DATA EXTRACT:
========================================
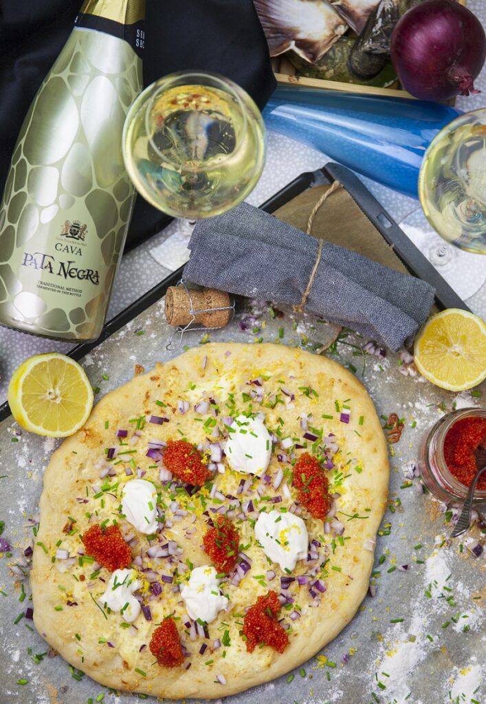 Pizza bianca är en favorit hos oss då den är så vinvänlig, inte minst när vi har bubbel i glasen. Pizzabotten gör du som vanligt men sedan brer du på crème fraîche i stället för tomat och det ger en ljuvlig syrlighet som kontrasterar sältan i toppingen och Västerbottenosten. Till den välsmakande aptitretaren serverar vi synnerligen prisvärda cavanyheten Pata Negra Semi Seco som passar förträffligt till pizzan!
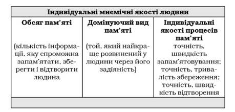Рис. 2.3.7. Індивідуальні мнемічні якості людини В професійній діяльності важливо враховувати власні індивідуальні відмінності пам'яті для того, щоб максимально продуктивно використовувати свої потенційні можливості. Слід також зазначити, що якості пам'яті не є повністю вродженими, тому добре піддаються коригуванню та вдосконаленню.
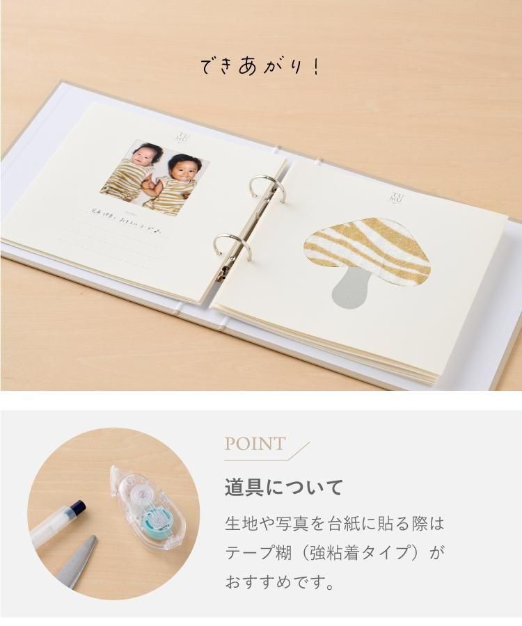 「TUMU」 ツム 服のアルバム 捨てられないお子さまのお洋服を「思い出」として残せる、服のアルバム。 飾っておけるほどシックなデザインで、箔押しの表紙がインテリアにもよく馴染みます。 おしゃれに型抜きされた台紙に、お気に入りのベビー服を貼るだけで特別な1冊に。 お子さまと一緒に手を動かしながら「積む・紡ぐ・重ねる想い出」をカタチにできます。 プレゼントにも喜ばれる、記念に残るアルバムです。 |
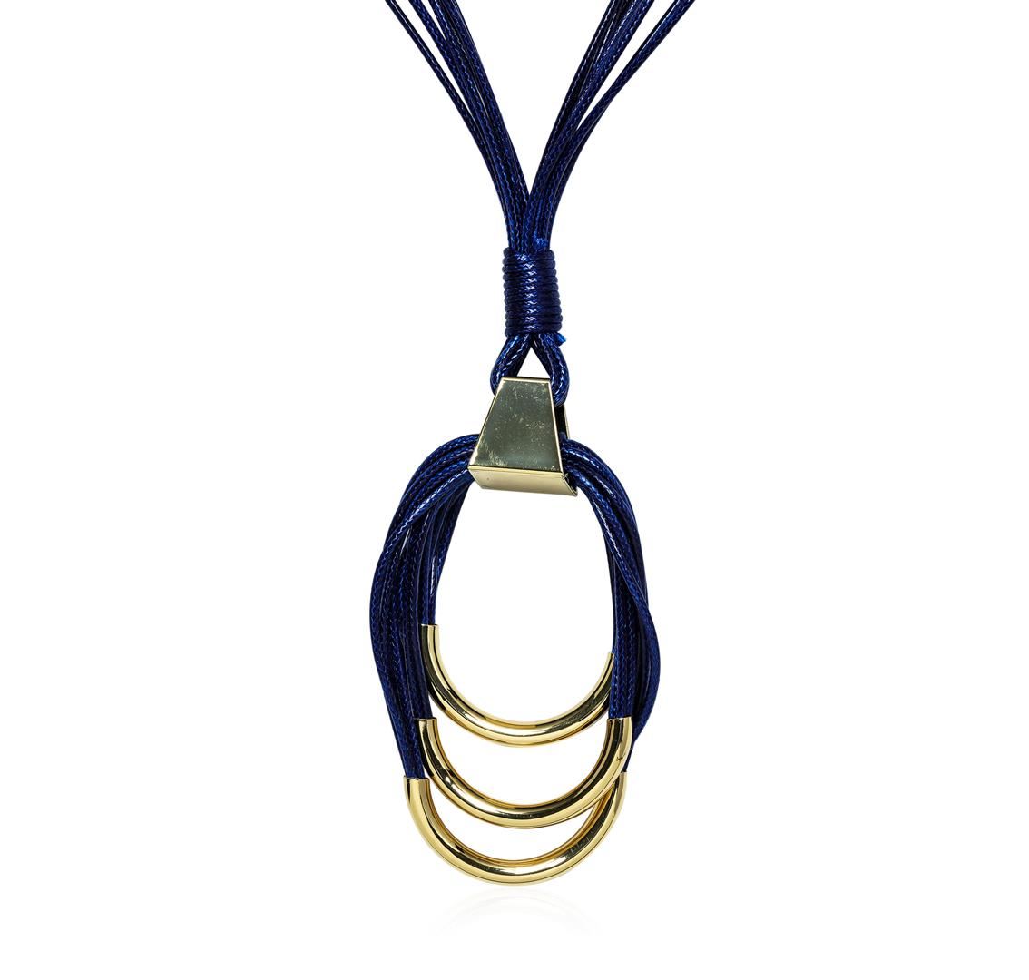 High end designer jewelry. Multi Strand Leather Necklace - Gold Plated. Gold Plated Metal/3" Ext Clasp. Navy/ Gold. 32/3.5inches. Total Weight: 54.4 grams.
========================================
EXERCISE PROMPT:
Since the pictures are not part of the copy, transcribe only the remaining material, exactly.

RESPONSE AREA:
 Pizza bianca är en favorit hos oss då den är så vinvänlig, inte minst när vi har bubbel i glasen. Pizzabotten gör du som vanligt men sedan brer du på crème fraîche i stället för tomat och det ger en ljuvlig syrlighet som kontrasterar sältan i toppingen och Västerbottenosten. Till den välsmakande aptitretaren serverar vi synnerligen prisvärda cavanyheten Pata Negra Semi Seco som passar förträffligt till pizzan!
Рис. 2.3.7. Індивідуальні мнемічні якості людини В професійній діяльності важливо враховувати власні індивідуальні відмінності пам'яті для того, щоб максимально продуктивно використовувати свої потенційні можливості. Слід також зазначити, що якості пам'яті не є повністю вродженими, тому добре піддаються коригуванню та вдосконаленню.
 「TUMU」 ツム 服のアルバム 捨てられないお子さまのお洋服を「思い出」として残せる、服のアルバム。 飾っておけるほどシックなデザインで、箔押しの表紙がインテリアにもよく馴染みます。 おしゃれに型抜きされた台紙に、お気に入りのベビー服を貼るだけで特別な1冊に。 お子さまと一緒に手を動かしながら「積む・紡ぐ・重ねる想い出」をカタチにできます。 プレゼントにも喜ばれる、記念に残るアルバムです。 |
 High end designer jewelry. Multi Strand Leather Necklace - Gold Plated. Gold Plated Metal/3" Ext Clasp. Navy/ Gold. 32/3.5inches. Total Weight: 54.4 grams.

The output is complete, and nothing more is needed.